Un homme déclare un enfant à l’état civil comme étant le sien et désigne son épouse comme étant la mère. La fille biologique du couple agit notamment en contestation de maternité de son supposé frère. Après son décès en cours d’instance, ses héritiers poursuivent l’action. La cour d’appel la déclare irrecevable : si tous les témoignages confirment qu’un seul enfant biologique est né de l’union du couple, ils font également état de ce que l’épouse a élevé l’enfant comme son fils. Ils permettent de constater que cet enfant a été éduqué et entretenu par le couple, qu’il a été reconnu par la famille, la société et l’autorité publique comme l’enfant du couple. Les juges du fond en déduisent que l’intéressé bénéficie d’une possession d’état paisible, continue, publique et non équivoque pendant les cinq ans qui ont suivi sa naissance, de sorte que l’action en contestation de maternité engagée plus de 30 ans après est prescrite.

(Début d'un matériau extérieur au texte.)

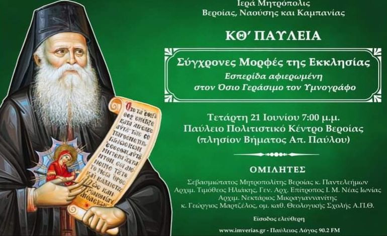 Στο πλαίσιο των «ΚΘ’ Παυλείων» την Τετάρτη 21 Ιουνίου στις 7:00 μ.μ. στο Παύλειο Πολιτιστικό Κέντρο Βεροίας (πλησίον Βήματος Απ. Παύλου) θα πραγματοποιηθεί η καθιερωμένη εσπερίδα «Σύγχρονες Μορφές της Εκκλησίας», η οποία φέτος είναι αφιερωμένη στον νέο Άγιο της Εκκλησίας μας, Γεράσιμο τον Υμνογράφο.Στην εκδήλωση θα ομιλήσει ο Ποιμενάρχης μας, Σεβασμιώτατος Μητροπολίτης Βεροίας, Ναούσης και Καμπανίας κ. Παντελεήμων, ο Γενικός Αρχιερατικός Επίτροπος της Ιεράς Μητροπόλεως Νέας Ιωνίας Αρχιμ. Τιμόθεος Ηλιάκης, ο Αρχιμ. Νεκτάριος Μικραγιαννανίτης και ο ομ. Καθηγητής της Θεολογικής Σχολής του Α.Π.Θ. κ. Γεώργιος Μαρτζέλος, οι οποίοι θα αναφερθούν στον θαυμαστό βίο, το υμνογραφικό χάρισμα και στις προσωπικές τους εμπειρίες από τον Όσιο Γεράσιμο.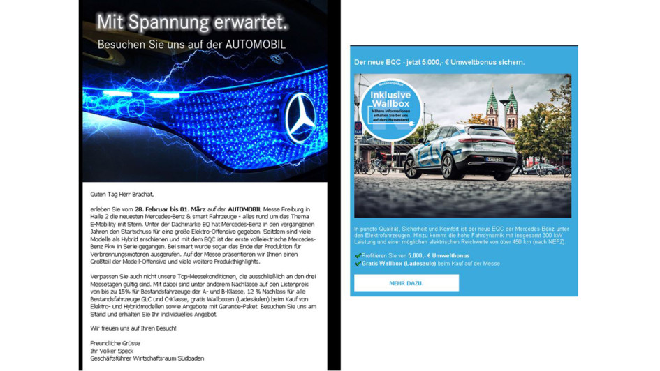 von 28: Die Kestenholzklasse artikulierte sich auch im Vorfeld der Messe. Die persönliche E-Mail-Einladung! "Mit Spannung erwartet", so lautete der Messeaufruf. Mit persönlicher Anrede. Geschäftsführer Volker Speck offeriert im persönlichen Anschreiben die besonderen Offerten und erläutert u.a. den Umweltbonus.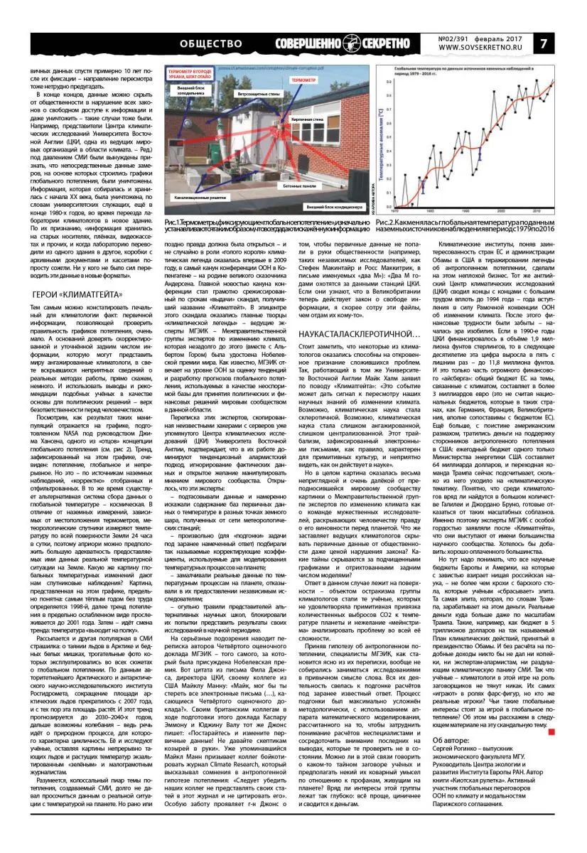 Тем самым можно констатировать печальный для климатологии факт: первичной информации, позволяющей проверить правильность графиков потепления, очень мало. А оснований доверять скорректированной и уточнённой задним числом информации, которую могут представить миру ангажированные климатологи, в свете вскрывшихся неприятных сведений о реальных методах работы, прямо скажем, немного. И использовать выводы и рекомендации подобных учёных в качестве основы для политических решений – верх безответственности перед человечеством.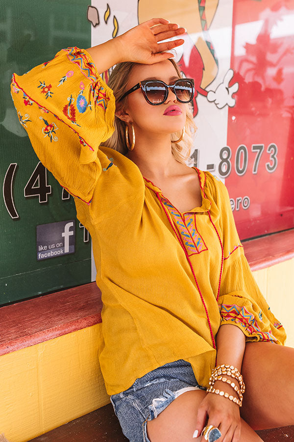 Seaside Sweetheart Embroidered Shift Top In Mustard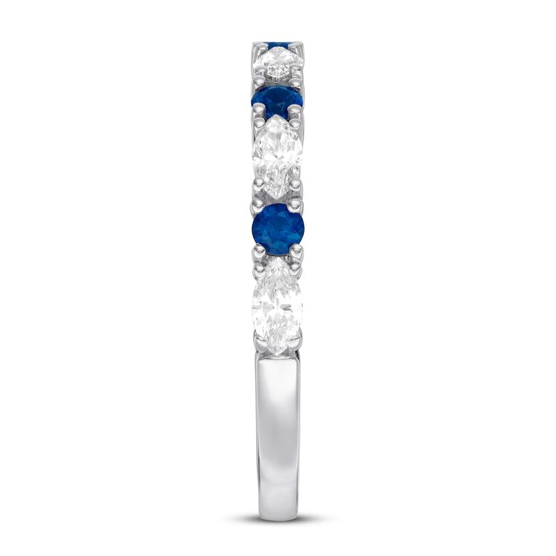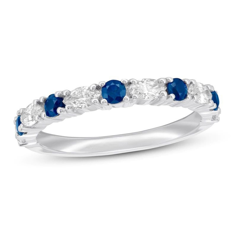 Marquise round diamonds and round natural sapphires alternate along this beautiful wedding band for her . Styled in 14K white gold, the ring has a total diamond weight of 1/2 carat.

Cassation de l’arrêt au visa de l’obligation pour le juge de ne pas dénaturer les documents de la cause. Les différentes attestations produites indiquent que l’épouse du père déclaré n’avait eu qu’un seul enfant et qu’elle avait effectivement élevé plusieurs enfants de son mari ou de la famille de celui-ci, parmi lesquels se trouvait l’enfant dont la filiation était contestée. Mais ces attestations ne mentionnaient pas que l’épouse avait élevé ce dernier comme son fils, ni que la famille, la société ou l’autorité publique le considéraient comme tel. Dès lors, la cour d’appel a dénaturé les termes clairs et précis de ces attestations.
A noter :
La possession d’état est constituée lorsqu’il y a une réunion suffisante des faits qui révèlent le lien de filiation. Trois éléments sont pris en compte (C. civ. art. 311-1) : le comportement des intéressés l’un envers l’autre (tractatus), la façon dont sont considérés les intéressés par les tiers et l’autorité publique (fama) et le nom des intéressés (nomen). Il n’est pas nécessaire que tous ces éléments soient réunis (pour des exemples, Cass. 1e civ. 5-3-2008 n° 06-21.031 et Cass. 1e civ. 20-1-2010 n° 09-10.632 : BPAT 2/10 inf. 88). De plus, la possession d’état doit être continue (C. civ. art. 311-2), paisible, publique et non équivoque (C. civ. art. 311-2), c’est-à-dire acquise sans fraude ni violence et au su de tous. Il appartient au juge, en considération des éléments de l’espèce, d’apprécier si les conditions de la possession d’état sont remplies. Il doit, sous peine de cassation, motiver sa décision et caractériser les qualités de la possession d’état. Dans l’affaire commentée, les juges ont fait dire aux attestations des choses qui n’y figuraient pas et qui ne pouvaient en être déduites : constater qu’une femme élève sous son toit un enfant déclaré comme étant le sien par son seul mari ne signifie pas qu’elle le considérait comme son fils. De plus, les attestations versées au débat émanaient des membres de la famille mais nullement de la société et encore moins de l’autorité publique. La cassation était inévitable.